In 1997, while addressing a Gartner symposium Michael Dell had said Apple should be shut down and money given back to its shareholders. Fifteen years hence, Dell must be wondering why he said that because the statement has come right back to haunt him. Steve Jobs made the biggest ever comeback in corporate history, handing Dell a big lesson about the risks of taking potshots prematurely. Today the shoe is on the other foot. Michael is taking the PC maker private for $24.4 billion in one of the biggest ever leveraged buyouts, in an attempt to escape Wall Street's attention and revive his slowing outfit.
Every decade throws up an exciting new enterprise, and existing powerhouses get under the shade for a while. Very few companies have the power to last multiple generations. IBM is a rare, great example of survival. It's a text book on how to survive by being ahead of the curve and not letting competition come close. But not every firm is an IBM. Dell is not-at least not by available evidence at present.
It's easy for people outside the ring fence to say, let's innovate and keep steaming ahead. This is not something that is easily achievable. Companies like HP and Dell are today facing the brunt of not innovating at the right time and not being able to keep track of consumer preferences, the way Apple did it. Or Google for that matter. Sure, it's not like Dell or HP never innovated. Online ordering of customised PCs was something that Dell came up with. That was a great success. Dell was on the top of the PC pecking order along with HP for a long time. But then all good things have to come to an end. It generally happens around the time when the fear of maintaining leadership position takes over. That's when one stops thinking about fresh ideas. As a result, Dell never stumbled upon the next Big Idea.
Dell desperately needs a bit of IBM. It wants to expand its software and services offerings significantly after seeing how IBM has been successful in doing so, after selling off its PC division. Even after Michael Dell returned to the company in 2007 as CEO, he could not salvage the firm's fortunes. The fact is PCs are still central to Dell's plans. They form a substantially huge chunk of its revenues. It is not known what kind of strategy will the new private entity adopt. The company will have to eventually reduce its dependency on PCs, but that has to be carefully thought through and executed. For that to happen, it has to come up with a great new product.
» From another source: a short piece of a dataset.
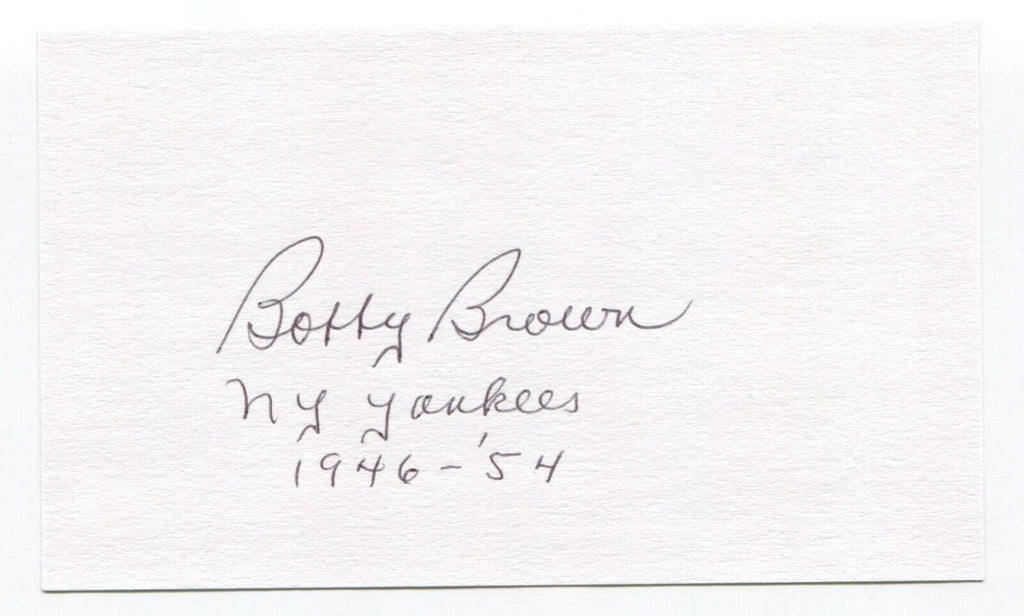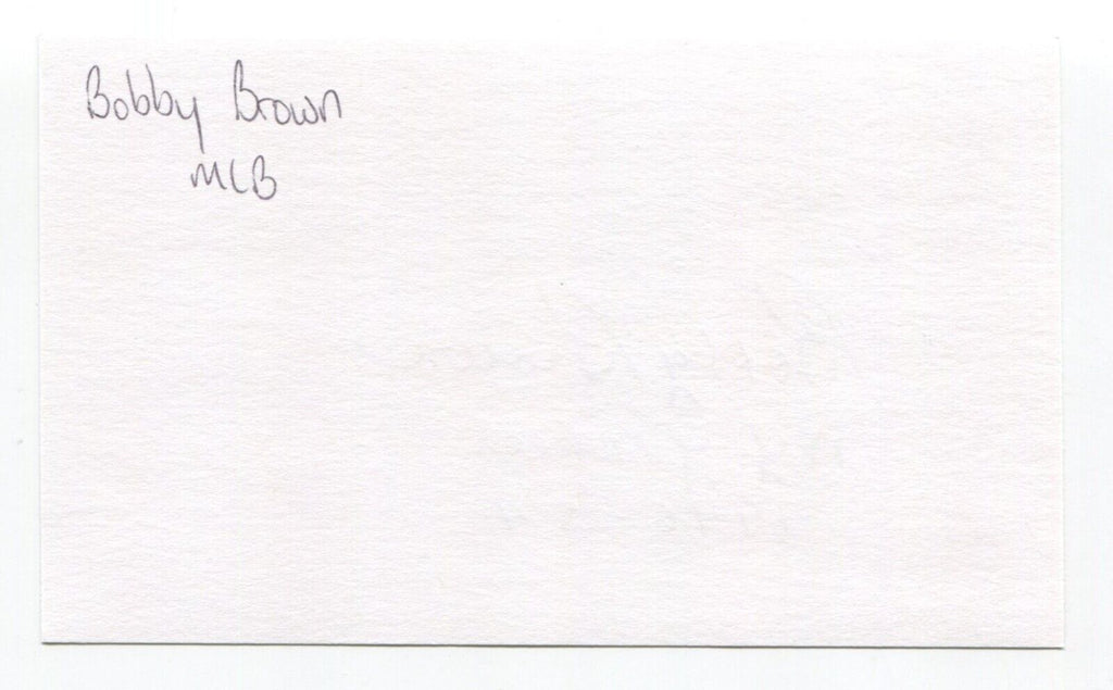 Up for sale is an autographed 3x5 index card, boldly signed by baseball player Bobby Brown. Just a great looking autograph that will display nicely. Autograph was part of a huge "MP" Collection, consisting of over 3,000 signed index cards that I was fortunate to purchase in it's entirety.

It will also involve making huge investments. The good thing is Dell will have more time now to think about innovation, while being able to get away from stock market pressures with new private status. The fact that it had to take an extreme move like this (i.e go private) is an indication of the decay in the PC market. Dell, which began its journey in a college dormitory room, is third behind HP and Lenovo today as far as market share is concerned.
The big question is whether going private will really help Dell in the long run. Previously too companies have been taken private, without much success. So that's not a recipe for better tidings. However, its earnings were still solid when last declared. It garnered revenues of $43 billion in the first three quarters, with a net profit of over $2 billion. So there's plenty of financial muscle there. It has to squeeze more out of its corporate computing business where margins are higher and needs to penetrate deeper into the cloud computing game.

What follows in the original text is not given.